Q You mentioned starting to think about the program eight or 10 years ago. That predates the Carle Illinois College of Medicine, but it also tracks with the Carle Illinois College of Medicine. So talk a little about that relationship and how those two subsets of this organization help one another out.

I would take this story back even five years before that, Bill, to when the Department of Bioengineering was formally established in late 2004. In 2010, we proposed and started working on the Cancer Center, which was really a research-focused compliment to the educational opportunities we had enabled in Bioengineering. It’s this relationship between research and education that goes back and forth that really makes us stronger.

So Bioengineering was an engineering-focused, engineering-infused attempt to work in the health space. And then the Cancer Center is a research-focused, focal attempt in the cancer space. In 2015 or so, when we started putting up the college of medicine, that was a medically driven, problem-driven side to take advantage of both the Department of Bioengineering and efforts like the Cancer Center’s research. 

It’s this combination of engineering and education. The movement started on our campus with Bioengineering in education and research advances in specific fields really gave us the confidence to really bring it all together, the engineering and the biomedical research into the Carle Illinois College of Medicine. So the folks who graduate from here will be technology-savvy, problem-ready to apply those principles to research and education. 

This wonderful dance of Bioengineering, research-focused institutes like the Cancer Center, and the college of medicine is highly synergistic, providing a wonderful menu of opportunities for all our faculty and students here.

Q That took us to the beginning. Now let’s project into the future. In five, 10, or as far out as you’re willing to speculate, what does success look like and where do you want to end up?

I want to share one recent example that is a really fantastic illustration. We have a colleague on campus, Dave Shapiro. Dave is a biologist who has been engaged in fundamental discovery, particularly related to estrogen receptors and breast cancer. A few years ago, Dave thought of a really innovative concept. In cancer care and breast cancer, we’ve always looked at the estrogen receptor and tried to block its activity. Now the estrogen receptor is also present in normal cells. So when you block its activity, of course, you’re starving the cancer cells, keeping them from getting cancer-driving signals. But you’re also affecting the normal cells.

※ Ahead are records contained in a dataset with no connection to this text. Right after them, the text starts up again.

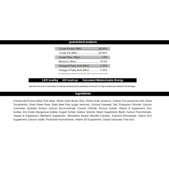 Guaranteed Analysis: Crude Protein min 28.0% Crude Fat min 20.0% Crude Fiber max 3.5% Moisture max 10.0% Omega-6 Fatty Acid min 2.20% Omega-3 Fatty Acid min 0.30% Calories Content (Calculated) 3,831 kcal/kg 422 kcal/cup ME.
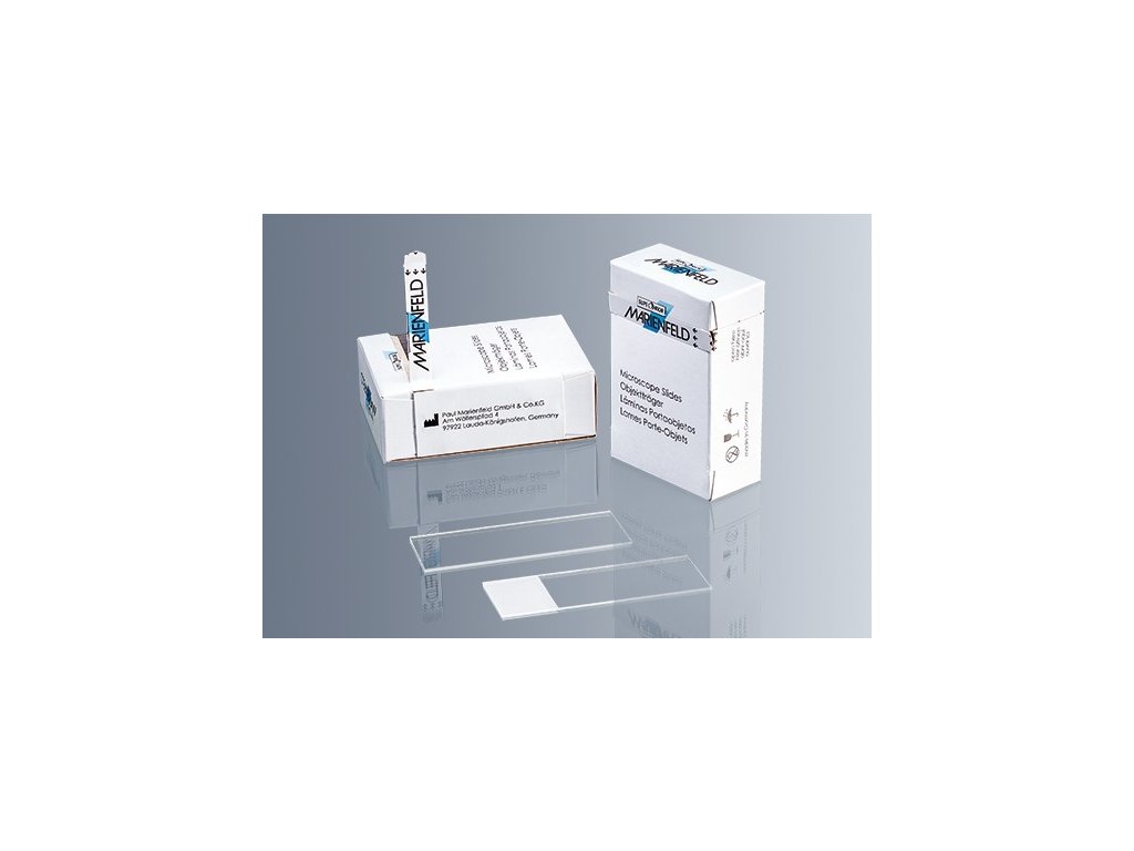 Podložné sklíčko, matovaná plôška, zabrúsená 45° , 76 x 26 x 1 mm, (1 bal. x 50 ks), MARIENFELD – kvalitné podložné sklíčko na mikroskopické pozorovanie. Výrobca: Marienfeld
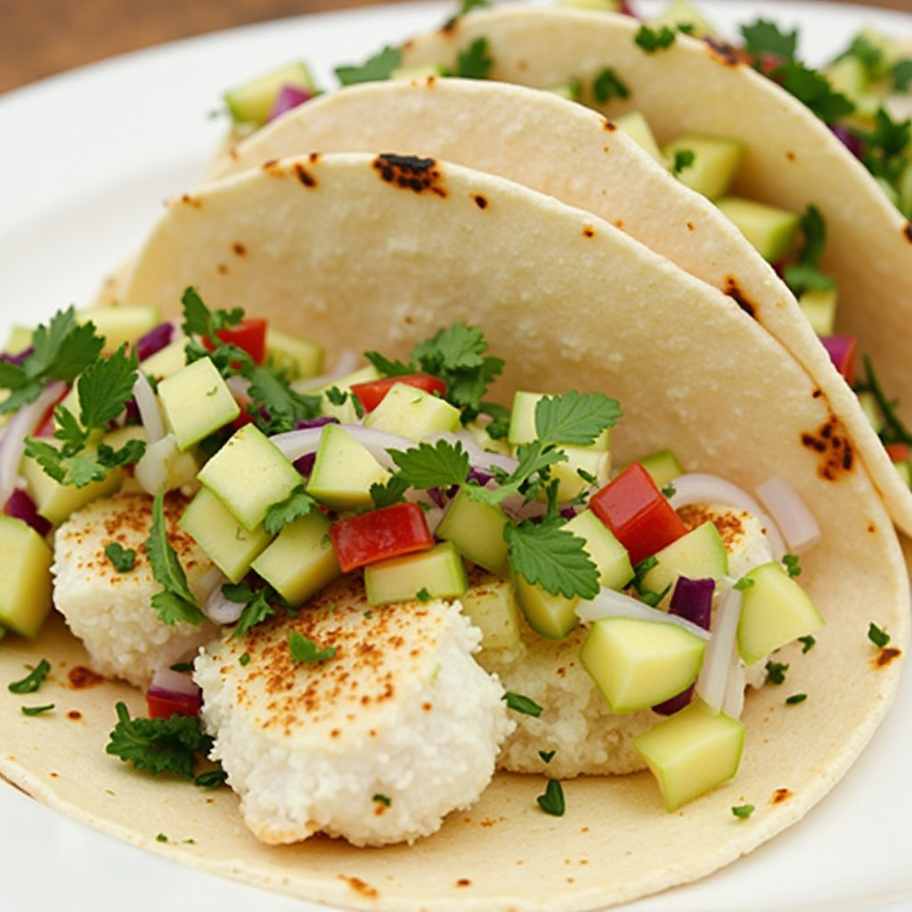 Receta de Tacos de Pescado con Jícama y Salsas Frescas
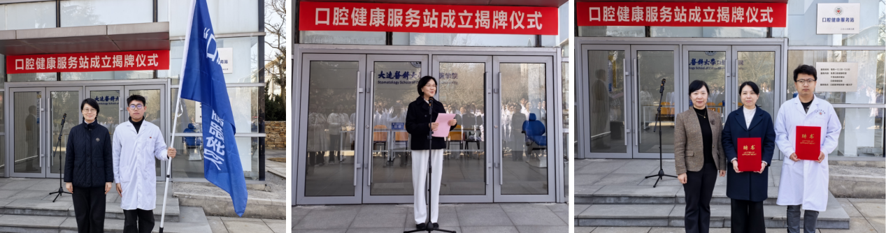 仪式上,杨晓丽为“口腔健康服务站”揭牌,她在讲话中对服务站的成立表示祝贺,向为筹建工作付出辛勤汗水的师生表示感谢。她强调,服务站的设立是学校落实“健康第一”教育理念、推进“健康校园”建设、关爱师生身心健康的暖心之举和务实之策。她指出,在口腔医学专业建设迎来新起点的背景下,服务站的成立是学院优良传统的具体体现,让专业走出课堂,让师生在服务实践中锤炼“医者仁心”,做到学以致用、服务师生、回馈校园。她希望口腔医学院以此为契机,将服务站打造成三个“窗口”:一是服务师生的窗口,让师生在校内即可享受便捷专业的口腔健康服务;二是健康教育的窗口,通过科普宣传提升师生口腔健康素养;三是实践育人的窗口,让同学们在服务中巩固专业知识,提升沟通能力,培育奉献精神。

Dave thought in a very different way. He thought, ‘could I take the estrogen receptor and excite it, diminishing it, to excite a process that makes the cancer cell run out of steam?’ When it gets excited, it promotes the unfolded protein response, eventually causing the cancer cells to die and normal cells to not be affected. 

Our researchers took that basic discovery and put in high-throughput chemical synthesis, high-throughput testing of chemistries, evaluation and model systems -- all the way to a viable anti-cancer compound, using a team approach in the cancer center here. That compound was picked up by Bayer, who are going to invest more than $350 million to turn it into a drug that hopefully will be available soon. 

These are the kinds of stories we want to create, both on the technology side for detection and diagnosis, as well as the therapeutic side.